This morning, when I first opened my eyes, I found that I had a heaviness in my chest. I started crying. Not a hard sobbing. Just lying there vaguely aware of tears welling up in my eyes. It’s not secret that I’m under treatment for depression, but this didn’t feel like the depression I’ve been experiencing for the past several years.
I’m pretty sure I’m not racist. I say “pretty sure” rather than “absolutely not” because I’m aware enough to know I’ve grown up in a racist society and we don’t ever entirely transcend our own time and place. However, I do believe that there are no significant biological differences among people of different races. In fact, I believe that the concept of race has no grounding in biology. Therefore, differences in social status and behavior are entirely a product of the environment.
Am I xenophobic? That’s almost laughable since I run the risk of being called a xenophile.
Am I culturally biased? That’s a far more complicated question. To start, I would have to have a firm idea of what constitutes a good society. I am tempted to answer that that would be the society that allows for the greatest degree of human flourishing and the least suffering. However, flourishing is an unsatisfactorily vague term. I don’t think there is any culture that is perfect, which has all the answers. In so far as any culture that is in existence today could be said to be a successful culture, no culture is without any value. That said, I am not a cultural relativist. I terms of particulars, I think some ways of organizing human society are better than others.
I think that there are no gods, spirits, or other immaterial beings, great or small. Therefore, the least human suffering based on the supposed desires of non-existent beings can be said to be an unqualified ill.
Last week, I was very quick to put up a post that said, “Je suis Charlie.” It would turn out that I was on the wrong side of the overall consensus. I had read, or more accurately seen, Charlie Hebdo a handful of times in the past. When I put up that statement, I did not mean that I endorsed everything that had ever been printed in that magazine, nor did I think that was what anyone else mean. I recalled that immediately after the United States was attacked on September 11, 2001, Le Monde published an editorial that said, “Nous sommes tous américains.” I did not take that to mean that the editors of that paper had endorsed everything the United States had ever done or ever would do, or that they were suddenly enamored of every aspect of American culture.
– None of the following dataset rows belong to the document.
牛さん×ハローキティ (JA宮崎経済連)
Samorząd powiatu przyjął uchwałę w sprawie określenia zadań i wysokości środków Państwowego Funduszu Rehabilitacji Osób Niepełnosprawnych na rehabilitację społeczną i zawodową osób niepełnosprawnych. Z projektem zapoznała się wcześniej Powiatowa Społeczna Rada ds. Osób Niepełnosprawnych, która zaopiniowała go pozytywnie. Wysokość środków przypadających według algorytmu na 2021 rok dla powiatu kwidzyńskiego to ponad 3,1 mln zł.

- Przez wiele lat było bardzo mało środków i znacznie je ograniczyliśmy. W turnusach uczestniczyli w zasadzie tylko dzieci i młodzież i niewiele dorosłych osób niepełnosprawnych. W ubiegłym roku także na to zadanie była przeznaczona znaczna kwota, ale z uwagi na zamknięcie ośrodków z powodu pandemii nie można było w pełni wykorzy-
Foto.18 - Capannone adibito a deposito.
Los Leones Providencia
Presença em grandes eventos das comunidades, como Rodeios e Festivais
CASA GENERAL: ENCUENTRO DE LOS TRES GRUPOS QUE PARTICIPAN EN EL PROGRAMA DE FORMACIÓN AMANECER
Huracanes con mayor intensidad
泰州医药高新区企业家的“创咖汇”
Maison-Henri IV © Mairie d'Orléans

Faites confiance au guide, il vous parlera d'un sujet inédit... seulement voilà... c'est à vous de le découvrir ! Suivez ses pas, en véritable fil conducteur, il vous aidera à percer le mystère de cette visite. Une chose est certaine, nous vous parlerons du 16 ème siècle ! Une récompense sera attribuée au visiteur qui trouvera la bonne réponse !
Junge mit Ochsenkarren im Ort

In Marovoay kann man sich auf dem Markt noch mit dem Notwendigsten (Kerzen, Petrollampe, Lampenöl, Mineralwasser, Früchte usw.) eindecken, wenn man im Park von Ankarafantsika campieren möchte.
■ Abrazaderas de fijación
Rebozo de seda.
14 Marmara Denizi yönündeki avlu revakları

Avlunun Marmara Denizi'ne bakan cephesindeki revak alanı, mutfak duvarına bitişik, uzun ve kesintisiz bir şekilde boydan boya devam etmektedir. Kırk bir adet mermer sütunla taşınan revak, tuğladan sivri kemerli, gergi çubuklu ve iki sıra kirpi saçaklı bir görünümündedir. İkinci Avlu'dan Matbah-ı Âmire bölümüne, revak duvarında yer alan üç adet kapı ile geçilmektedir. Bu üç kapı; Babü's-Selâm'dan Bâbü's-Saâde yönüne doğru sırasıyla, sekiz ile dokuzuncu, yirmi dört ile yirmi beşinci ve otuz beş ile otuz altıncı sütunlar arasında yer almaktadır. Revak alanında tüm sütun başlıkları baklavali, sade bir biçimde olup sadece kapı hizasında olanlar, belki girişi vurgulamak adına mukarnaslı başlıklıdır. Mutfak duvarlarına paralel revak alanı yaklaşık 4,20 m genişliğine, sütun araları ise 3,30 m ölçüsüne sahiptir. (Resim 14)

I did not feel at the time that “Je suis Charlie” meant that I personally endorsed every cartoon they had ever published. In my mind, I supported their right to speak their mind without fear of violence.
I have mentioned that I have had nightmares in the wake of the assassinations. The day before, I had drawn a cartoon. It seems so long ago now, but you may remember an incident in which a woman tossed a handbag holding a gun in a shopping cart with her two-year old. The child took out the gun and shot his mother. Her father-in-law objected to the characterization of the woman as irresponsible. He said that she had not simply tossed the gun into any old purse but a purse with a special compartment. I did not know what this meant, so I looked it up. It turns out that these purses are designed for easy access. This made the action of the dead woman seem all the more irresponsible to me. So, I drew this:
Yes, there really are models with crosses on them.
The night of the killings of the cartoonists, I went to sleep. I dreamed I was lying in bed. I heard someone at my door trying to get in. However, the chain was on the door and after several attempts the person went away. Then I went downstairs and exited my apartment building. Standing in front of my building was a stocky middle-aged white man in wearing khaki pants and vest and holding a rifle, like someone ready to go on a safari. Somehow, I understood him to be a gun rights activist. As I walked out of my door, he shot me in the chest. I woke up.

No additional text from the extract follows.